Dunigan and his team identified engagement touchpoints, tracked them in Franklin’s CRM, and ultimately created an interactive, real-time dashboard to capture and help advancement staff understand the impact of alumni activities.
To guide this data dashboard work, Franklin’s team used CASE’s white paper on Alumni Engagement Metrics, which had just been released at that time. The white paper drove the launch of the AEM survey in 2020, designed to look at the broad impact of relationships between alumni and their alma maters. The survey measures engagement across four “modes” beyond the traditionally used metric of giving rates.
“The giving rate metric only tells a small part of the story,” says CASE President and CEO Sue Cunningham.
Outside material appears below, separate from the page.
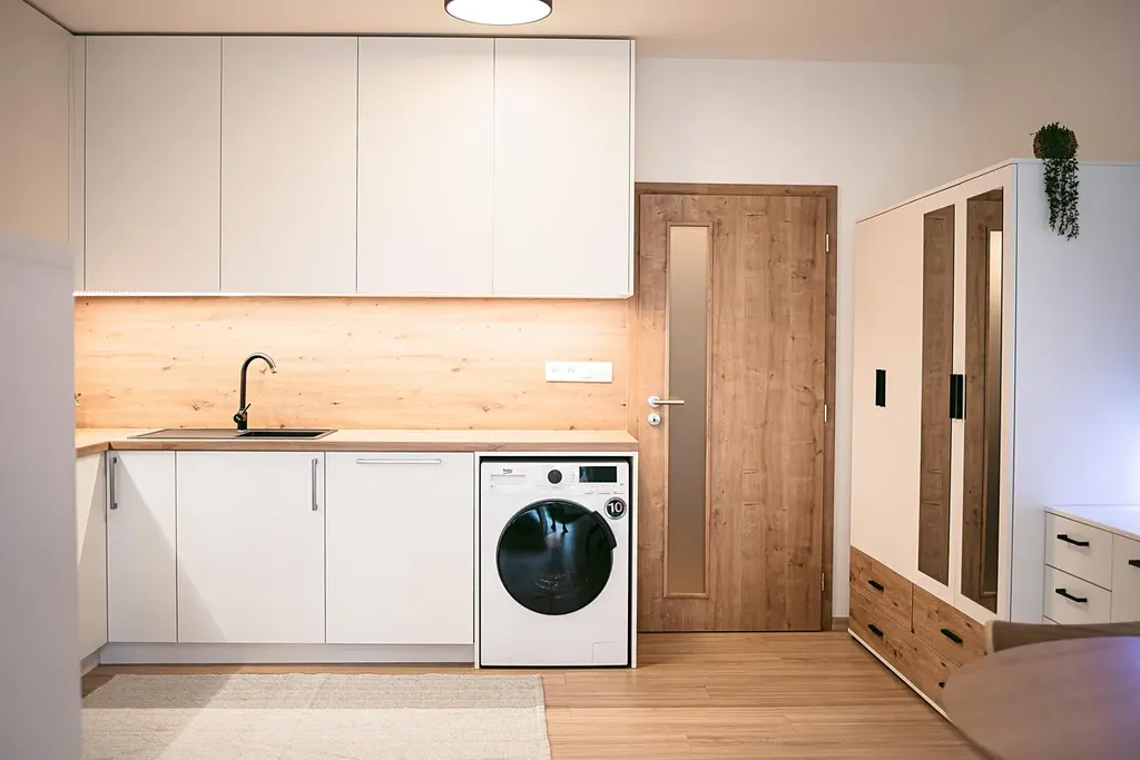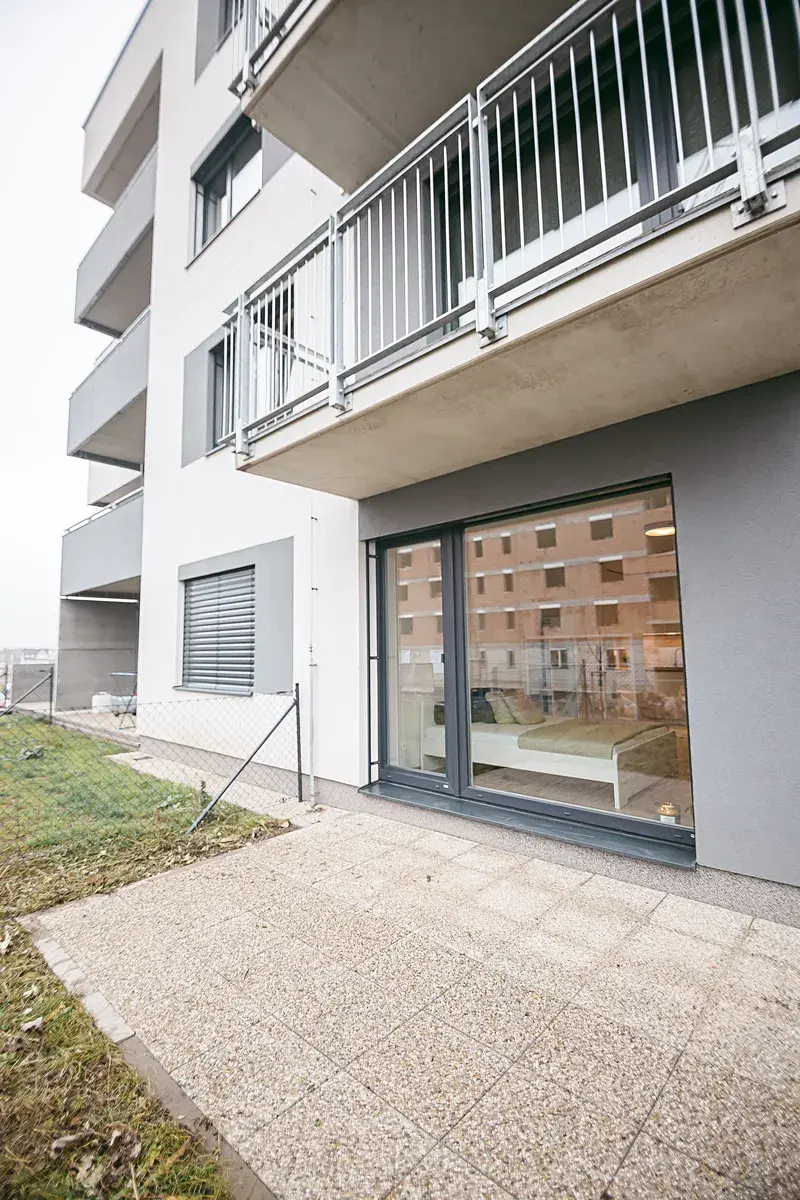 Interiér bytu tvoří hlavní obytná místnost s kuchyňskou linkou, koupelna se sprchovým koutem a toaletou a vstupní chodba. Z hlavní obytné místnosti je přímý vstup na terasu a předzahrádku. Díky velikému francouzskému oknu, které je situováno na jih budete mít ve Vašem novém domově slunce po celý den. O soukromí se postarají venkovní elektrické rolety. Truhlářem na míru vyrobená kuchyňská linka disponuje kvalitními vestavěnými spotřebiči – myčkou, troubou na pečení, pračkou a volně stojící lednicí s mrazákem. O úložný prostor se bát nemusíte. V bytě je prostorná šatní skříň, odkládací komoda se šuplíky a policová skříňka oddělující prostor kuchyně od manželské postele s matracemi. V kuchyňské části je kulatý jídelní stůl se židlemi. Atmosféru dokresluje plovoucí podlaha s dřevěným dekorem. Součástí nabídky je prostorný sklep a venkovní parkovací stání.

In developing the survey, she says, “We wanted to look deeper—to consider what specifically constitutes alumni engagement and how we as a profession might assess this important work thoughtfully and quantitatively.”
Now, as CASE’s Global Alumni Engagement Metrics survey enters its fourth year of data collection, advancement teams like Franklin’s are building collaboration through data, assessing their programs, and quantifying the value of alumni engagement.